The Arousing of Thought

CHAPTER I

The Arousing of Thought

Among other convictions formed in my common  presence during my responsible, peculiarly composed life, there is one such also—an indubitable conviction—that always and everywhere on the earth, among people of every degree of development of understanding and of every form of manifestation of the factors which engender in their individuality all kinds of ideals, there is acquired the tendency, when beginning anything new, unfailingly to pronounce aloud or, if not aloud, at least mentally, that definite utterance understandable to every even quite illiterate person, which in different epochs has been formulated variously and in our day is formulated in the following words: “In the name of the Father and of the Son and in the name of the Holy Ghost. Amen.”

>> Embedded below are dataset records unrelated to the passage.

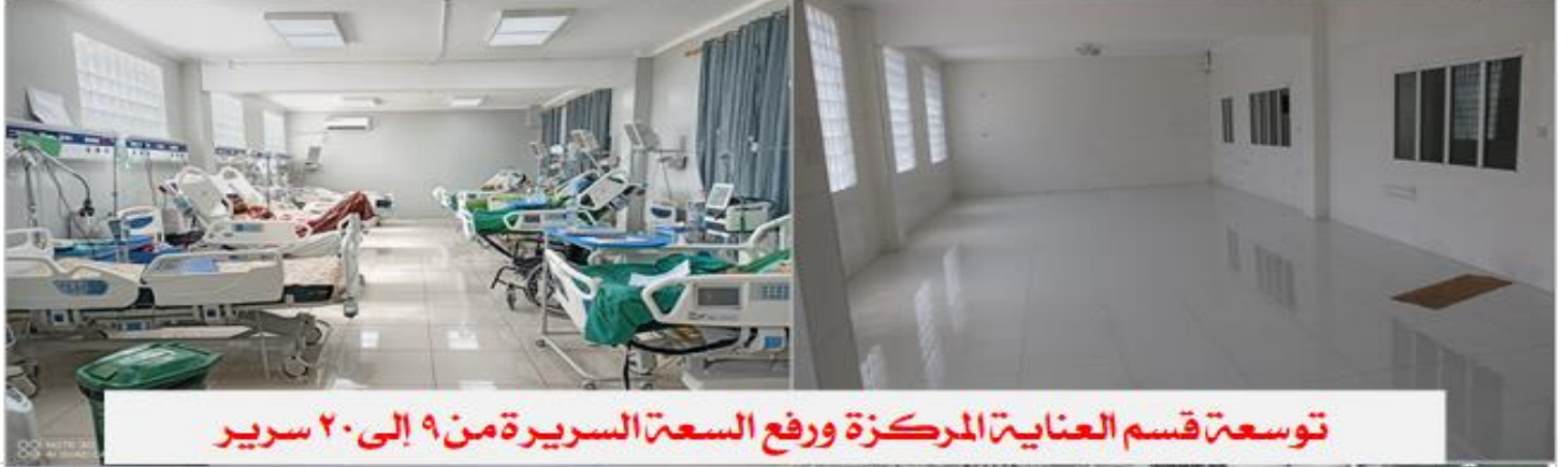
توسعة قسم العناية المركزة ورفع السعة السريرية من ٩ إلى ٢٠ سرير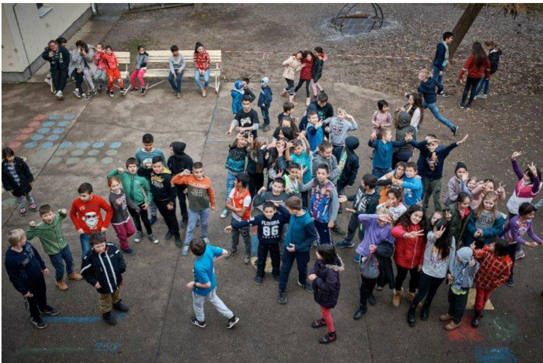
A hejőkeresztúri iskola

A gazdaság növekvő emberigénye megteremtheti ezt a fordulatot. A humán erőforrások fejlesztésének várható hozama olyan mértékben megnőhet, hogy érdemes rá komoly forrásokat szánni, vállalni az intézményrendszer átalakításával járó konfliktusokat. Megszülehetnek a koncepciók, amelyek nem kizárólag a hivatásrendi (orvosi, tanári) szempontok és a felső-középosztály igények alapján foglalkoznak a témával, hanem a szektorok átalakításának humán tőkében kifejezhető hozama felől közelítenek. Kialakítható az alku, amelyben a gazdaság, a szolgáltatásszervező szakmák és a rendszer korábbi relatív nyertesei megtalálják a maguk helyét, amely a kormányzat számára elfogadható kockázat mellett, politikailag értelmezhető hozamot ígér a szektorok átalakításáért és feltőkésítéséért. Erre építve egy évtized után együtt örülhetünk majd az emberek bővülő tudásából, javuló egészségéből származó gazdasági növekedésnek.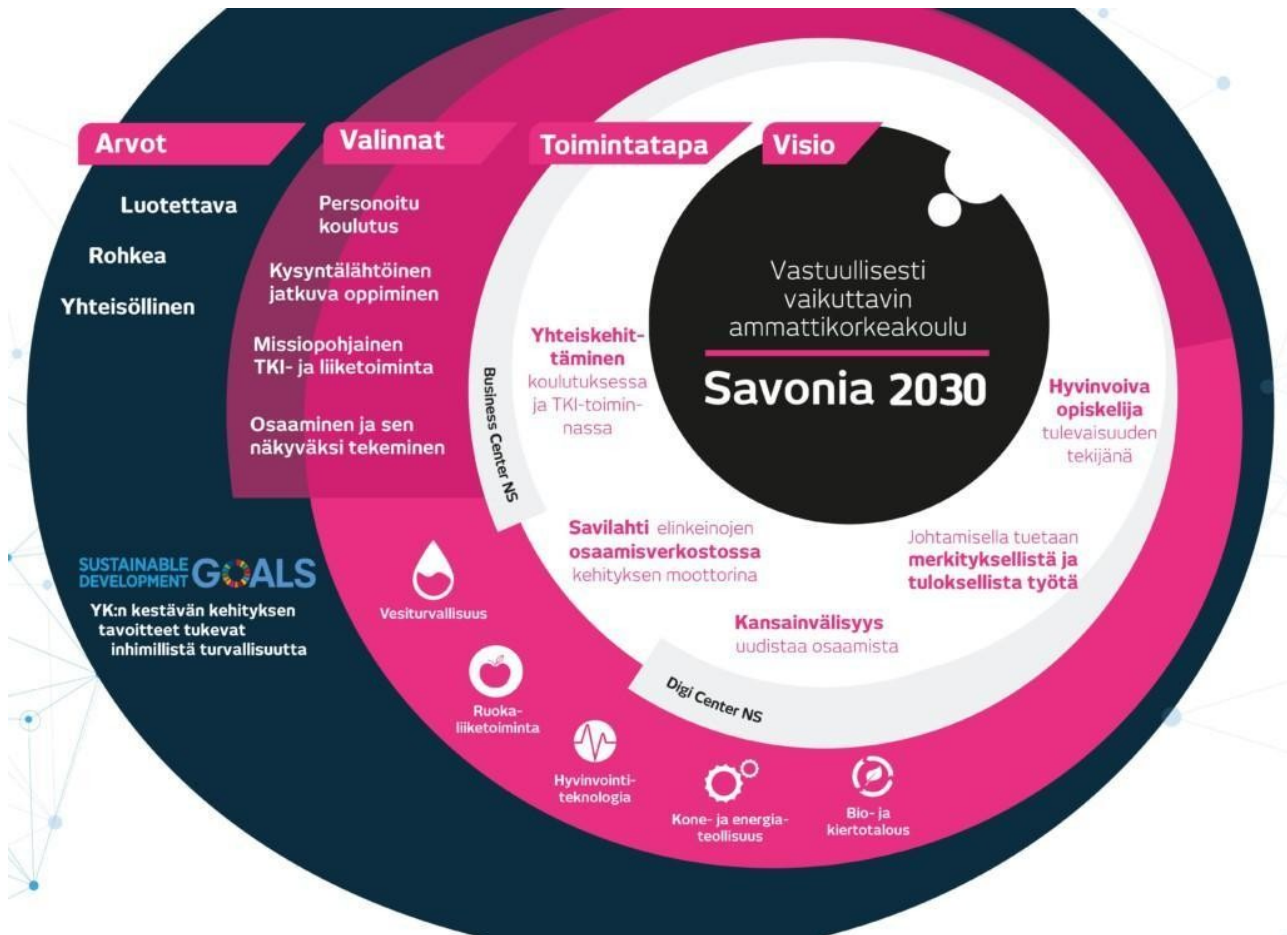
Kuva 2. Savonian strategia 2021-2030

Strategiassa näkökulmina on personoitu koulutus, kysyntälähtöinen jatkuva oppiminen, hyvinvoiva opiskelija, missiopohjainen TKI- ja liiketoiminta, kansainvälisyys uudistaa osaamista sekä johtamisella tuetaan merkityksellistä ja tuloksellista työtä. Savonia huomioi tehtäviä toteuttaessaan kestävän kehityksen tavoitteet ja siihen liittyen inhimillisen turvallisuuden (Human Security).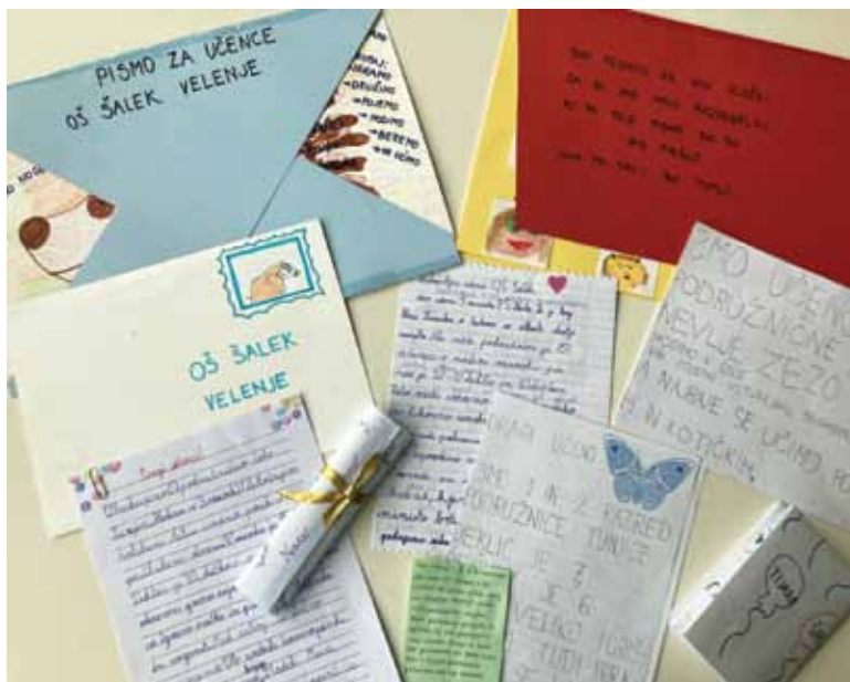
Slika 3: Pisma za partnersko šolo

priložijo pesem, ki jim je všeč, v drugem pismu svojemu skrivnemu prijatelju priporočajo knjigo, ki so jo prebrali, v tretjem pismu pa naštejejo vsaj pet svojih dobrih lastnosti. Ko učenec prejme pismo od svojega skrivnega prijatelja, ga obvestilo čaka pred knjižnico, knjižničarka pa mu izroči pismo. Po počitnicah se razkrijejo skrivni prijatelji in tisti, ki so napisali in prejeli tri pisma, so nagrajeni. Dejavnost je zanimiva, saj se učenci tako še bolj spoznajo, bolje pa jih spozna tudi učiteljica. Učencem je igranje skrivnega prijatelja zelo všeč in se dejavnosti z veseljem udeležijo.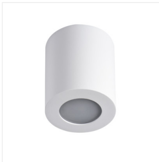
SANI IP44 DSO-W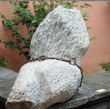
KURT MÜLLER Näfels, CH Der grosse Zerstörer, 2024 Peccia-Marmor, Stahl

Die Werke setzen sich mit der fragilen Beziehung zwischen Mensch und Umwelt auseinander – mit Eingriffen, Brüchen und Spuren der Veränderung. Stein wird dabei zum Dialogpartner: kraftvoll, widerständig, poetisch.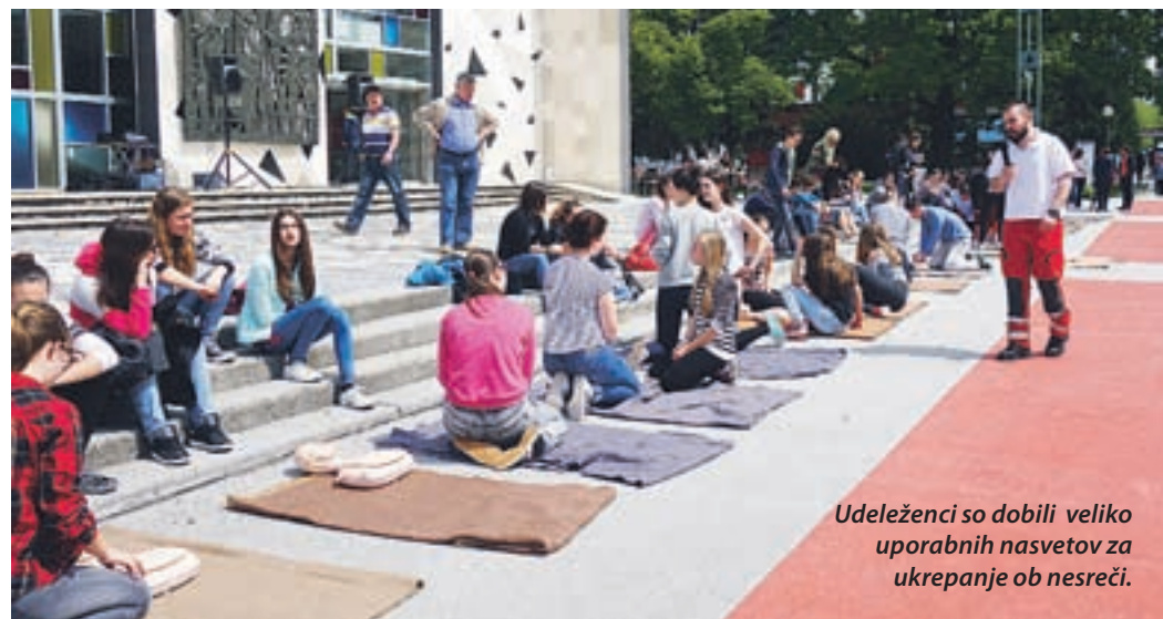
Udeleženci so dobili veliko uporabnih nasvetov za ukrepanje ob nesreči.

Glavni namen tehničnega dneva, na katerega vedno povabijo tudi druge – in številni dogajanje z zanimanjem spremljajo – je dopolnitev znanja o prometni varnosti ter seznanitev s konkretnimi in uporabnimi nasveti za ukrepanje ob prometnih nesrečah.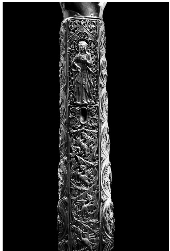
Sl. 2. Detalj moćnika ruke sv. Marije Magdalene (XXV.) iz Moćnika dubrovačke prvostolnice, Majstor fantastičnog bestijarija II, 14. st.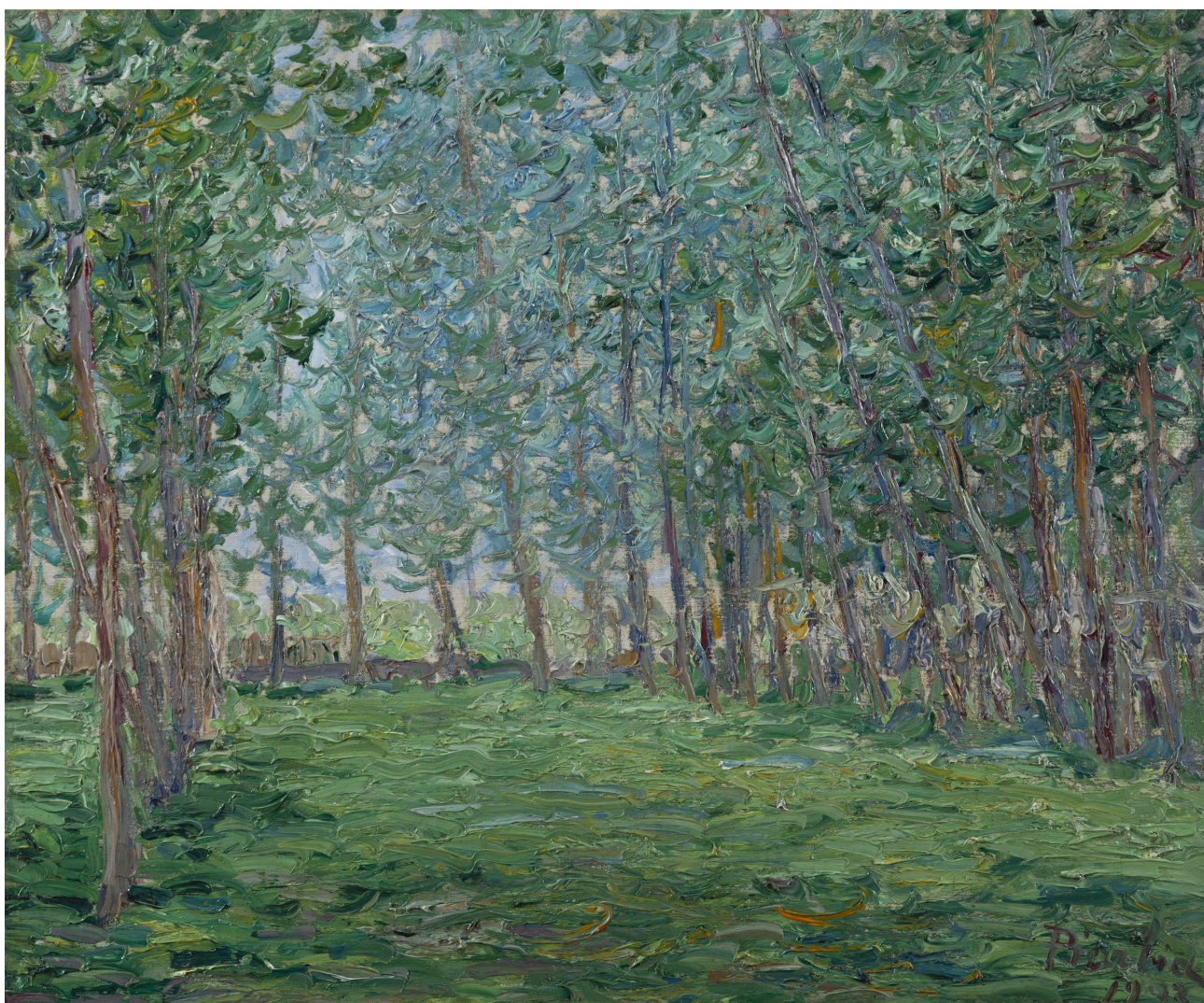
FRANCIS PICABIA (1879-1953) Champ près d'un bois , 1903 Signé et daté en bas à droite : Picabia ; 1903 Huile sur toile, 48 x 57 cm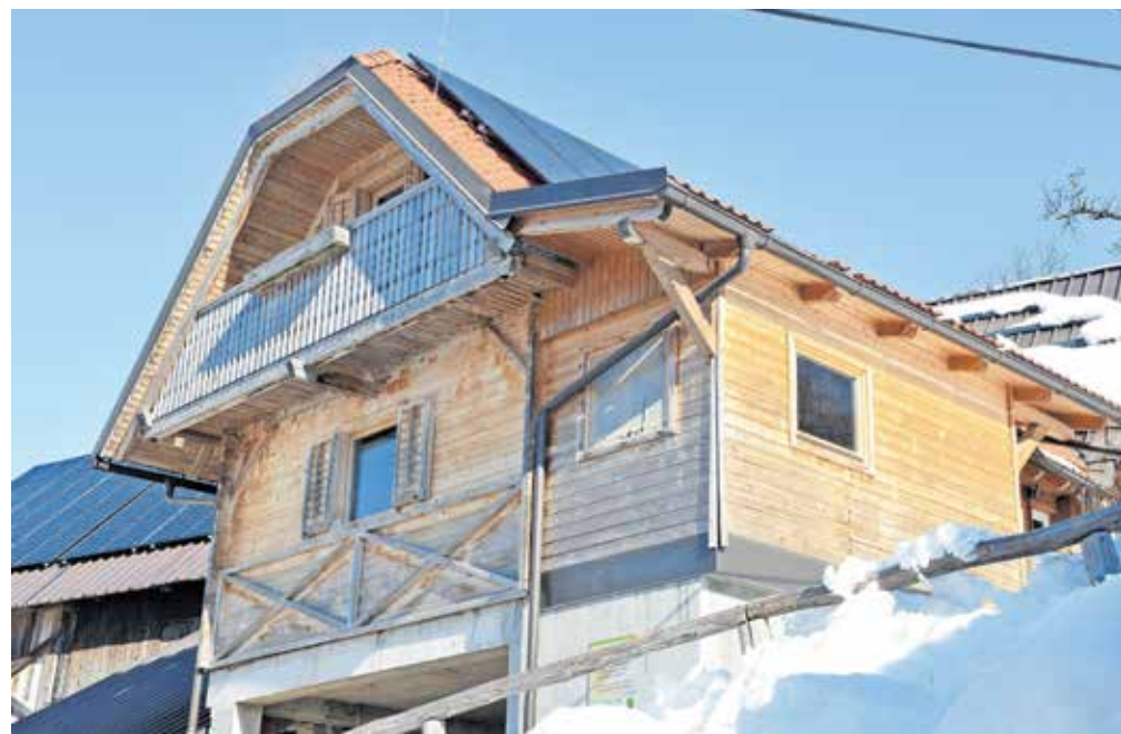
Apartmentja so zgradili v središču kmetije in ponujajo pravo kmečko izkušnjo.

Apartmentja sta po kakovosti storitev na turističnih kmetijah ocenjena z dvema jabolkom, sprejemata pa po štiri oziroma osem gostov. »Apartmentja se od drugih v bližnji okolici razlikujeta predvsem po sami lokaciji, nahajata se namreč v središču kmetije, poleg tega pa

That is why I now, also, setting forth on this venture quite new for me, namely, authorship, begin by pronouncing this utterance and moreover pronounce it not only aloud, but even very distinctly and with a full, as the ancient Toulousites defined it, “wholly-manifested intonation”—of course with that fullness which can arise in my entirety only from data already formed and thoroughly rooted in me for such a manifestation; data which are in general formed in the nature of man, by the way, during his preparatory age, and later, during his responsible life engender in him the ability for the manifestation of the nature and vivifyingness of such an intonation.

Having thus begun, I can now be quite at ease, and should even, according to the notions of religious morality existing among contemporary people, be beyond all doubt assured that everything further in this new venture of mine will now proceed, as is said, “like a pianola.”